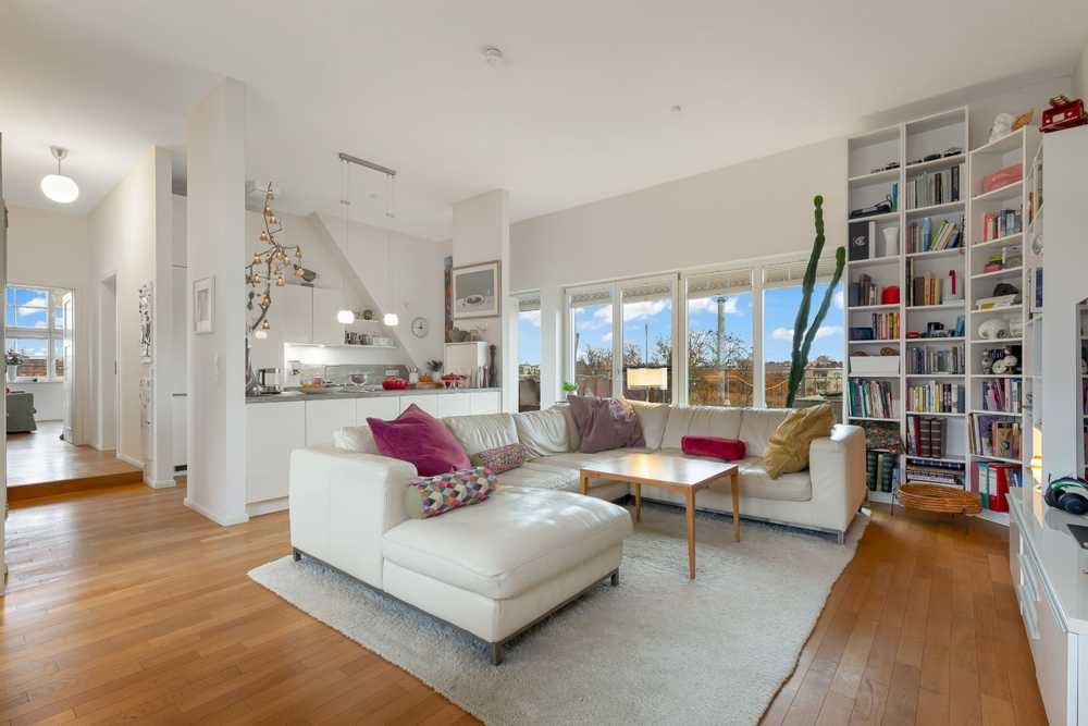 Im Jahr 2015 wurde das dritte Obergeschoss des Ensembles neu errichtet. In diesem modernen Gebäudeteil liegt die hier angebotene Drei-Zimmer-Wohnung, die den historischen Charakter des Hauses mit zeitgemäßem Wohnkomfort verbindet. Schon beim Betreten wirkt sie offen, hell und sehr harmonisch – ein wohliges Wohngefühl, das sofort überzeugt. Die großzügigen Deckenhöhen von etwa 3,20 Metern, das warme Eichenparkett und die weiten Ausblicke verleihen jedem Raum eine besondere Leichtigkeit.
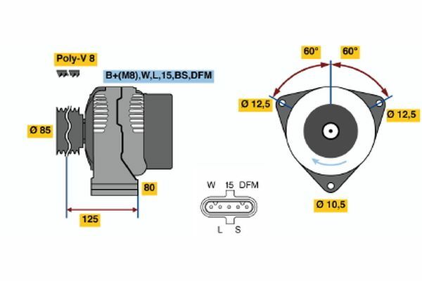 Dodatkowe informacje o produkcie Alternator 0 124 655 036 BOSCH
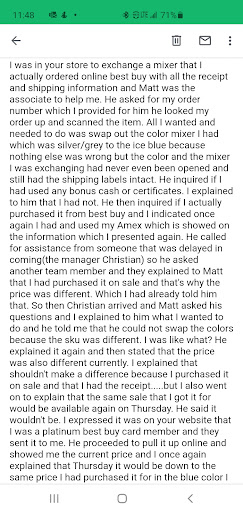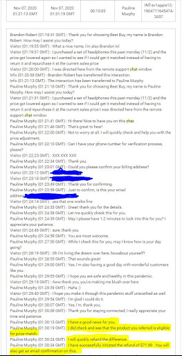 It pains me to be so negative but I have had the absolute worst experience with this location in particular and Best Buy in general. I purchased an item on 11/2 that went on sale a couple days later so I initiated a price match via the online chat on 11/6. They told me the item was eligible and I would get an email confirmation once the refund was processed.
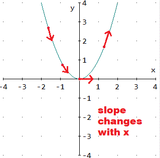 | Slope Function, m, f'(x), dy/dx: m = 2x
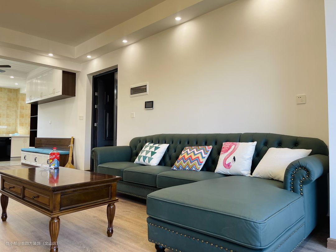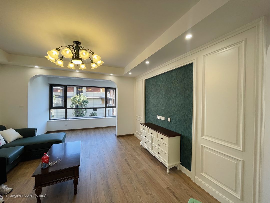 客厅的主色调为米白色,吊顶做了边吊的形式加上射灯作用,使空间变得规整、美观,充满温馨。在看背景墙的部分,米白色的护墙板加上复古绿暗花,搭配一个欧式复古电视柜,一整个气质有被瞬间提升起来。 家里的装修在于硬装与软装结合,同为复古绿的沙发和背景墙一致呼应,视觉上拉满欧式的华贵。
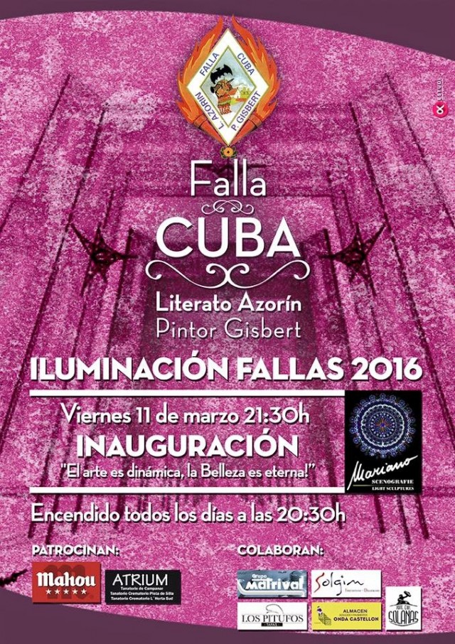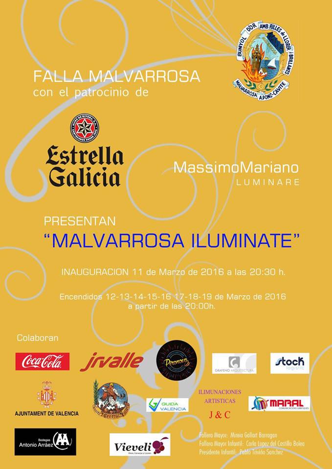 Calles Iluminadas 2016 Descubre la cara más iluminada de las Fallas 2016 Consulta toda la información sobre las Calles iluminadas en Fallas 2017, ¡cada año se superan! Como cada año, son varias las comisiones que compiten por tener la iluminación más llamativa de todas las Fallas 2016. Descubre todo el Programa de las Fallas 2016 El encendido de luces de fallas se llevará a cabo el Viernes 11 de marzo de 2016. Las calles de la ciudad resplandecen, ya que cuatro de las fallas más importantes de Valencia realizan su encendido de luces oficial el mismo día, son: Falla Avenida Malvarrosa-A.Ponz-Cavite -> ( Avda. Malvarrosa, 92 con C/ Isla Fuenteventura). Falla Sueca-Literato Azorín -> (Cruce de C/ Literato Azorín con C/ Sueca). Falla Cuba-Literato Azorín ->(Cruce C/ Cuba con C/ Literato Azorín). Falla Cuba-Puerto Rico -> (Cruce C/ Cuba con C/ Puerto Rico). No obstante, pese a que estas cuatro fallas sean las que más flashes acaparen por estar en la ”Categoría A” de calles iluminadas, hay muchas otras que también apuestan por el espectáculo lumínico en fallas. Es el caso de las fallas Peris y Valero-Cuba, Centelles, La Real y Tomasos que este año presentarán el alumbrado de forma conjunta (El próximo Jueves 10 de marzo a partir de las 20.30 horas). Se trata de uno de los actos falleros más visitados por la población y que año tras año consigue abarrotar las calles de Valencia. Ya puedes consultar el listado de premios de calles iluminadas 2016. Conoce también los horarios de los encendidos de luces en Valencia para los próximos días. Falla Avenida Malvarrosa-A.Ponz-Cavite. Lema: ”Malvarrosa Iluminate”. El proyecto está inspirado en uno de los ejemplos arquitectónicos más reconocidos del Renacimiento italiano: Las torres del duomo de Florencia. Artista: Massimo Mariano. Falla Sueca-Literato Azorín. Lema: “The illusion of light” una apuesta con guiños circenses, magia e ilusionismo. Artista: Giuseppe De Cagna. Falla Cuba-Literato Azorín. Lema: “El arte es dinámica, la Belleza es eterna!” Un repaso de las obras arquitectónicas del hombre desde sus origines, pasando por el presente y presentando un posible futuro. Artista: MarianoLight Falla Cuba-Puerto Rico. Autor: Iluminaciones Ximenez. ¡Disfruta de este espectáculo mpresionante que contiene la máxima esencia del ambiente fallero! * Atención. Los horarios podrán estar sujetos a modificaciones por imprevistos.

- - - - - - -

▶ DESCRIPTION OF THE TASK: Please return the lines above exactly, with the pictures omitted.

▶ WRITTEN ANSWER:
 Im Jahr 2015 wurde das dritte Obergeschoss des Ensembles neu errichtet. In diesem modernen Gebäudeteil liegt die hier angebotene Drei-Zimmer-Wohnung, die den historischen Charakter des Hauses mit zeitgemäßem Wohnkomfort verbindet. Schon beim Betreten wirkt sie offen, hell und sehr harmonisch – ein wohliges Wohngefühl, das sofort überzeugt. Die großzügigen Deckenhöhen von etwa 3,20 Metern, das warme Eichenparkett und die weiten Ausblicke verleihen jedem Raum eine besondere Leichtigkeit.
 Dodatkowe informacje o produkcie Alternator 0 124 655 036 BOSCH
 It pains me to be so negative but I have had the absolute worst experience with this location in particular and Best Buy in general. I purchased an item on 11/2 that went on sale a couple days later so I initiated a price match via the online chat on 11/6. They told me the item was eligible and I would get an email confirmation once the refund was processed.
 | Slope Function, m, f'(x), dy/dx: m = 2x
 客厅的主色调为米白色,吊顶做了边吊的形式加上射灯作用,使空间变得规整、美观,充满温馨。在看背景墙的部分,米白色的护墙板加上复古绿暗花,搭配一个欧式复古电视柜,一整个气质有被瞬间提升起来。 家里的装修在于硬装与软装结合,同为复古绿的沙发和背景墙一致呼应,视觉上拉满欧式的华贵。
 Calles Iluminadas 2016 Descubre la cara más iluminada de las Fallas 2016 Consulta toda la información sobre las Calles iluminadas en Fallas 2017, ¡cada año se superan! Como cada año, son varias las comisiones que compiten por tener la iluminación más llamativa de todas las Fallas 2016. Descubre todo el Programa de las Fallas 2016 El encendido de luces de fallas se llevará a cabo el Viernes 11 de marzo de 2016. Las calles de la ciudad resplandecen, ya que cuatro de las fallas más importantes de Valencia realizan su encendido de luces oficial el mismo día, son: Falla Avenida Malvarrosa-A.Ponz-Cavite -> ( Avda. Malvarrosa, 92 con C/ Isla Fuenteventura). Falla Sueca-Literato Azorín -> (Cruce de C/ Literato Azorín con C/ Sueca). Falla Cuba-Literato Azorín ->(Cruce C/ Cuba con C/ Literato Azorín). Falla Cuba-Puerto Rico -> (Cruce C/ Cuba con C/ Puerto Rico). No obstante, pese a que estas cuatro fallas sean las que más flashes acaparen por estar en la ”Categoría A” de calles iluminadas, hay muchas otras que también apuestan por el espectáculo lumínico en fallas. Es el caso de las fallas Peris y Valero-Cuba, Centelles, La Real y Tomasos que este año presentarán el alumbrado de forma conjunta (El próximo Jueves 10 de marzo a partir de las 20.30 horas). Se trata de uno de los actos falleros más visitados por la población y que año tras año consigue abarrotar las calles de Valencia. Ya puedes consultar el listado de premios de calles iluminadas 2016. Conoce también los horarios de los encendidos de luces en Valencia para los próximos días. Falla Avenida Malvarrosa-A.Ponz-Cavite. Lema: ”Malvarrosa Iluminate”. El proyecto está inspirado en uno de los ejemplos arquitectónicos más reconocidos del Renacimiento italiano: Las torres del duomo de Florencia. Artista: Massimo Mariano. Falla Sueca-Literato Azorín. Lema: “The illusion of light” una apuesta con guiños circenses, magia e ilusionismo. Artista: Giuseppe De Cagna. Falla Cuba-Literato Azorín. Lema: “El arte es dinámica, la Belleza es eterna!” Un repaso de las obras arquitectónicas del hombre desde sus origines, pasando por el presente y presentando un posible futuro. Artista: MarianoLight Falla Cuba-Puerto Rico. Autor: Iluminaciones Ximenez. ¡Disfruta de este espectáculo mpresionante que contiene la máxima esencia del ambiente fallero! * Atención. Los horarios podrán estar sujetos a modificaciones por imprevistos.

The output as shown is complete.